I know that, but silently doing nothing when freeing NULL is a bad
practice in general, because it hides a bug. Is the memory debugging
infrastructure enabled by default? If so, then I would agree with you.
If not, we would need to be able to reproduce the bug while having
memory debugging enabled. This assumes that the bug is easy to
reproduce. What if it is not easy to reproduce?
Having "first-failure data capture" checks is useful for helping
diagnose bugs that are not easy to reproduce.
In this case, if due to some bug, fsl_destroy_mc_io() is
called twice for the same mc_io object, the combination of doing
"mc_io->portal_virt_addr = NULL" and the original "if (WARN_ON",
that you want removed, would have helped catch the bug on
"first failure".
Even removing the "if (WARN_ON)" but keeping the
"mc_io->portal_virt_addr = NULL" would still help catch the bug
on "first failure", assuming that the system crashes when calling
"devm_iounmap(mc_io->dev, NULL);" or at least prints a stack trace.
> >>>
>>>> + * Delay in microseconds between polling iterations while
>>>> + * waiting for MC command completion
>>>> + */
>>>> +#define MC_CMD_COMPLETION_POLLING_INTERVAL_USECS 500 /* 0.5 ms */
>>>> +
>>>> +int __must_check fsl_create_mc_io(struct device *dev,
>>>> + phys_addr_t mc_portal_phys_addr,
>>>> + uint32_t mc_portal_size,
>>>> + uint32_t flags, struct fsl_mc_io **new_mc_io)
>>>> +{
>>>> + struct fsl_mc_io *mc_io;
>>>> + void __iomem *mc_portal_virt_addr;
>>>> + struct resource *res;
>>>> +
>>>> + mc_io = devm_kzalloc(dev, sizeof(*mc_io), GFP_KERNEL);
>>>> + if (mc_io == NULL)
>>>> + return -ENOMEM;
>>>> +
>>>> + mc_io->dev = dev;
>>>> + mc_io->flags = flags;
>>>> + mc_io->portal_phys_addr = mc_portal_phys_addr;
>>>> + mc_io->portal_size = mc_portal_size;
>>>> + if (mc_io->flags & FSL_MC_PORTAL_SHARED_BY_INT_HANDLERS)

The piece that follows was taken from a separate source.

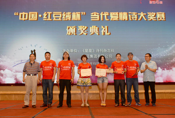 為了進(jìn)一步繁榮愛情詩創(chuàng)作,弘揚(yáng)正確愛情觀,特別是推動(dòng)中國當(dāng)代愛情詩再度輝煌,2014年7月1日,由《星星》詩刊雜志社與紅豆集團(tuán)聯(lián)合啟動(dòng)了“中國?紅豆絨杯”當(dāng)代愛情詩大獎(jiǎng)賽征文活動(dòng),作為紅豆七夕節(jié)的一項(xiàng)重要活動(dòng)?,F(xiàn)在經(jīng)過一年的征集及后期評(píng)選,在今年七夕——中國情人節(jié)前夕頒獎(jiǎng)。

>>>> + spin_lock_init(&mc_io->spinlock);
>>>
>>> I'm confused - this patseries doesn't register an interrupt handler,
>>> so this can't be true (or it's premature if it will, in which case
>>> it should be left out for now).
>>>
>>> However, if somehow users of this code register an IRQ handler for
>>> the portal (I don't see any users to tell how they get the IRQ line
>>> either?), then it's up to them to establish mutual exclusion rules
>>> for access, among themselves. Unless you think they will be calling
>>> mc_send_command from h/w IRQ context, in which case I'd reconsider
>>> that assumption because send_command looks like it'd take too long
>>> to get an answer from the h/w - IRQ handlers should just ack the h/w
>>> IRQ, and notify the scheduler that the driver has work to do (in s/w
>>> IRQ context perhaps).
>>>
>> Although not included in this patch series, there are cases in
>> subsequent patch series, in which mc_send_command() will need to be
>> called from interrupt context.
>>
>> For example, the dprc_get_irq_status() needs to be called from the DPRC
>> ISR to determine the actual cause of the interrupt. Also, to clear
>> the interrupt the dprc_clear_irq_status() needs to be called from the
>> ISR. Both od these functions call mc_send_command():
>
>>>> +int mc_send_command(struct fsl_mc_io *mc_io, struct mc_command *cmd)
>>>> +{
>>>> + enum mc_cmd_status status;
>>>> + int error;
>>>> + unsigned long irqsave_flags = 0;
>>>> + unsigned long jiffies_until_timeout =
>>>> + jiffies + MC_CMD_COMPLETION_TIMEOUT_JIFFIES;
>>>> +
>>>> + /*
>>>> + * Acquire lock depending on mc_io flags:
>>>> + */
>>>> + if (mc_io->flags & FSL_MC_PORTAL_SHARED_BY_INT_HANDLERS) {
>>>> + if (mc_io->flags & FSL_MC_PORTAL_SHARED_BY_THREADS)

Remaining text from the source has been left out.